Each new year, I go through all the notes I’ve taken on wines that I’ve drunk over the previous 365 days to pull out some of the highlights. And when I last did this at the end of 2021, one thing surprised me: how many of the wines came from Spain.
When I first started getting into wine, Spain wasn’t the most interesting of wine countries. The most famous wines were oak-aged reds from Rioja and Ribera del Duero. Both of these regions were commercial success stories. People seemed to like the wines a lot, and especially in the case of Rioja, they also offered great value for money at the bottom end. The problem was that Spain seemed to have a love affair with small oak barrels, to the point that most of the wines tasted more of the winemaking process – in particular, the extended barrel ageing, often with American oak contributing overt coconut and vanilla notes – than of the vineyard. It’s great for consumers, of course, to be able to buy mellow, mature Gran Reservas in the supermarket for relatively low prices, but there seemed to be a lack of stylistic diversity, and far too much winemaking imprint. Elsewhere in Spain, the wines tended to be warm-climate barrel-aged reds, but there were a few whites from Rias Baixas and Rueda, and of course there was Sherry, which was still in the hands of big companies, often producing good wines, but we rarely saw great ones. Cava at the time was in the doldrums.
Things have changed greatly. Now, Spain is one of the most dynamic and exciting of all wine countries. Yes, Rioja still has its factory wineries, and Ribera del Duero is struggling with its oak and extraction addiction, but in both of these regions there are lots of people who are breaking free of the formulas of the past, and bringing the vineyard back to the forefront.
But it’s in the lesser-known regions where a lot of the progress has been made.

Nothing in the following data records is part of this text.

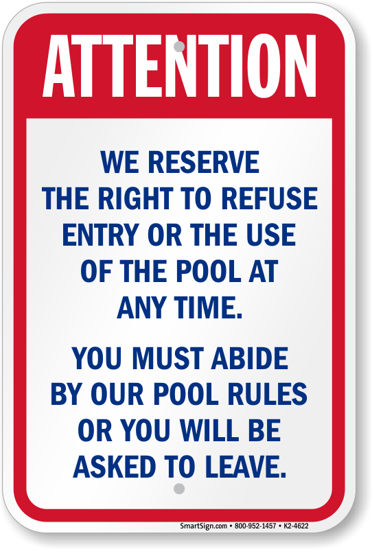 Pool Safety Sign: Attention - We Reserve The Right To Refuse Entry Or The Use Of The Pool At Any Time. You Must Abide By Our Pool Rules Or You Will Be Asked To Leave. K2-4622 Learn More...
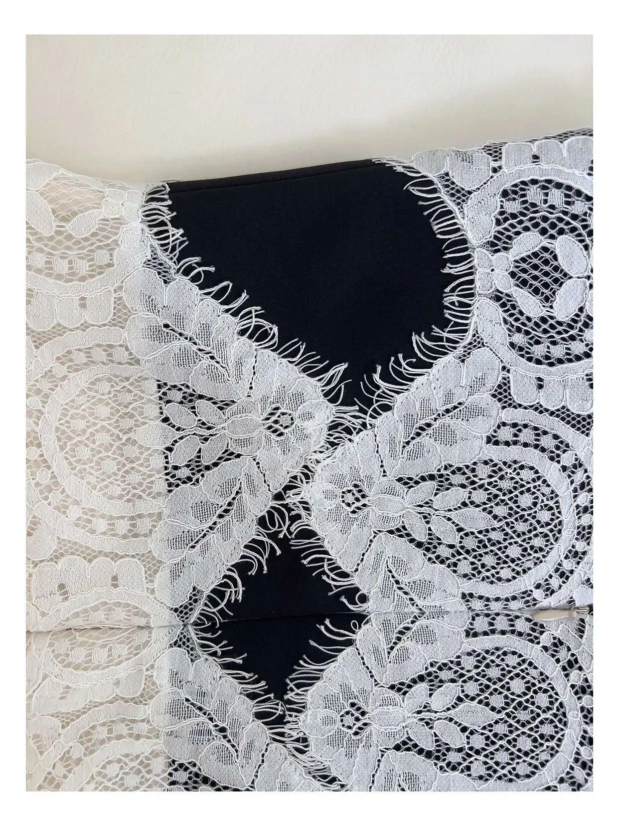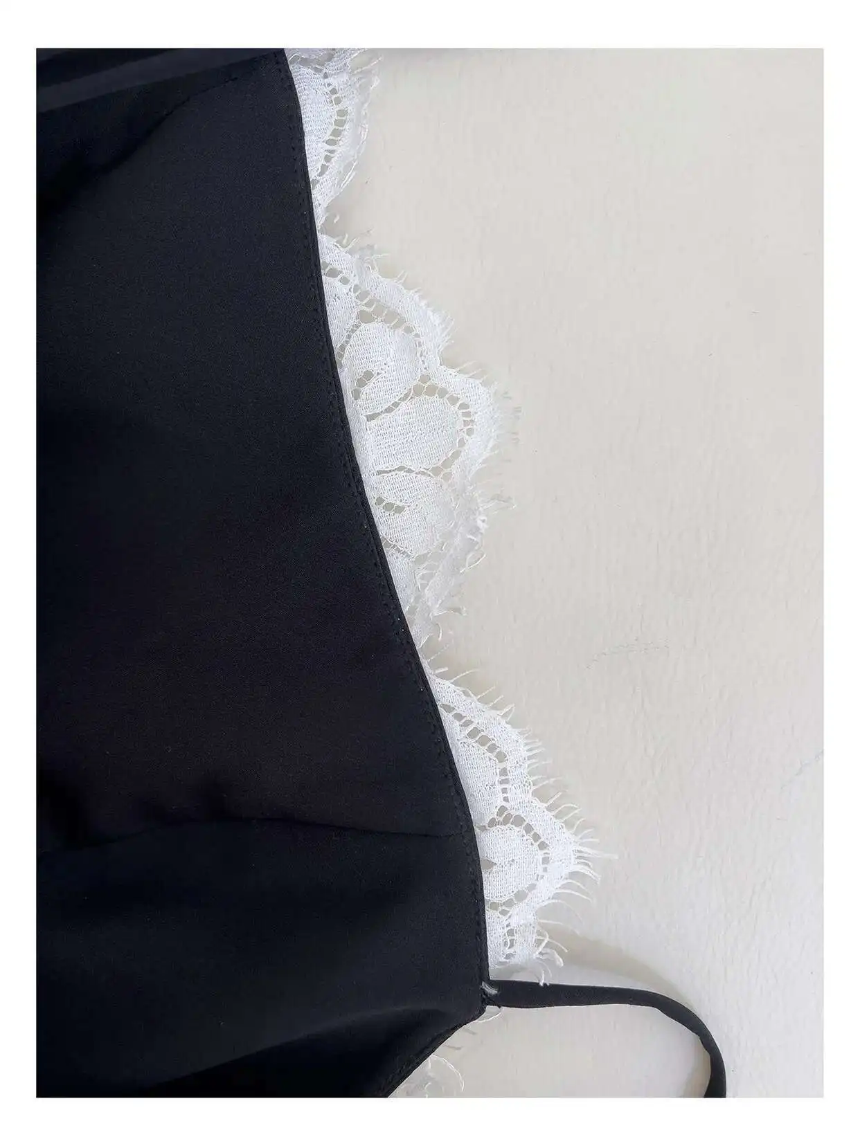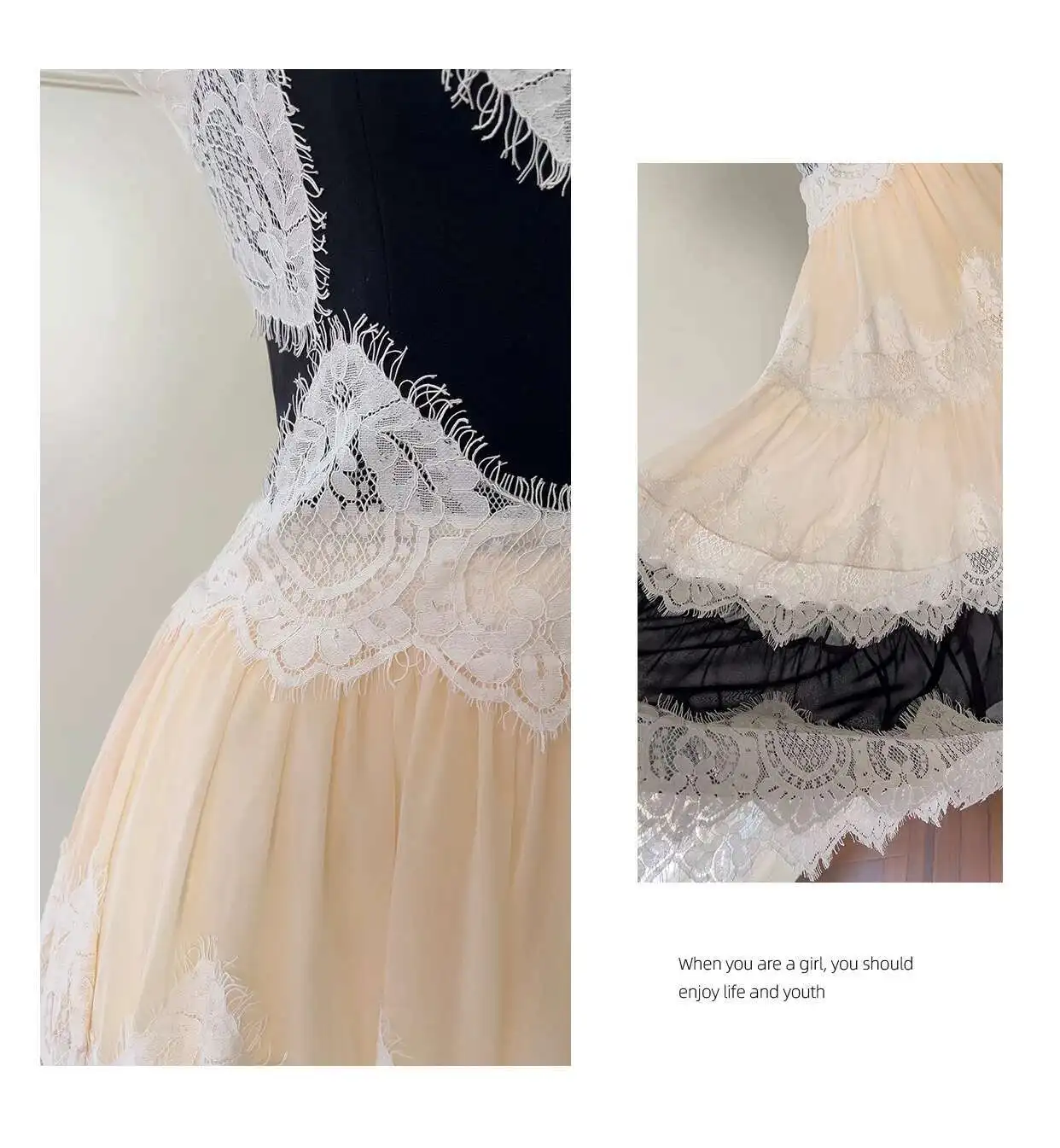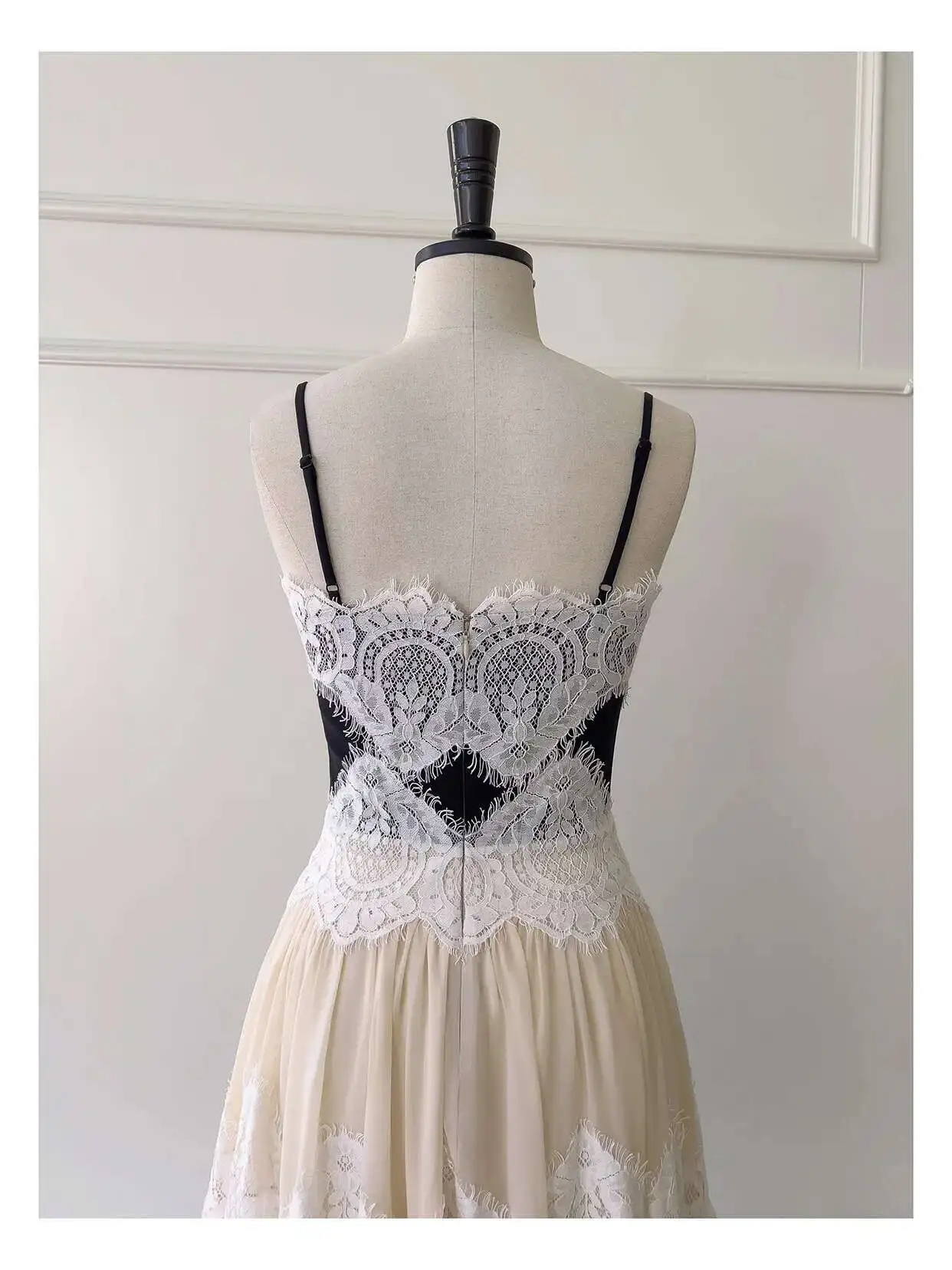 Lunivop French Style Lace Contrast Suspender Dress Spliced Sleeveless One Shoulder Evening Dresses Female 2025 Spring New
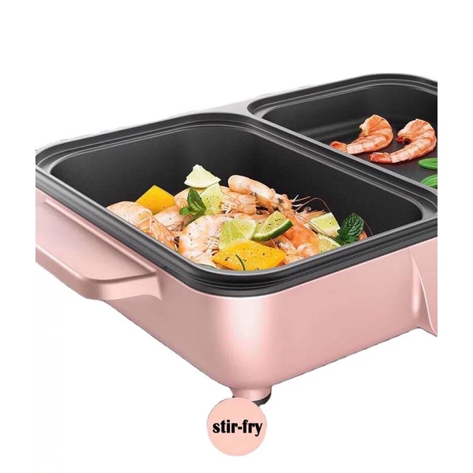 - Thiết kế tiện dụng có thể nhúng lẩu và nướng cùng lúc, ngoài ra còn xào rán làm được tất tần tật các món luôn.

Take the Canary Islands. Three producers stand out for me here. First, Tenerife. Here Jonatan Garcia is turning out some serious, restrained, elegant wines from vineyards in Oratava in the north, under the name Suertes del Marques. These are striking wines with real tension, made from local varieties. Also on Tenerife, we have Envinate, who also work in Ribera Sacra. Their wines are also astonishingly elegant, with lovely tension. And on Gran Canaria, the debut vintage from Bodegas Tamerán has just been released. It’s the winery owned by ex-Manchester City footballer David Silva, and the wines are made by Jonatan Garcia. The first releases are five whites each from a single local variety, and they are seriously good.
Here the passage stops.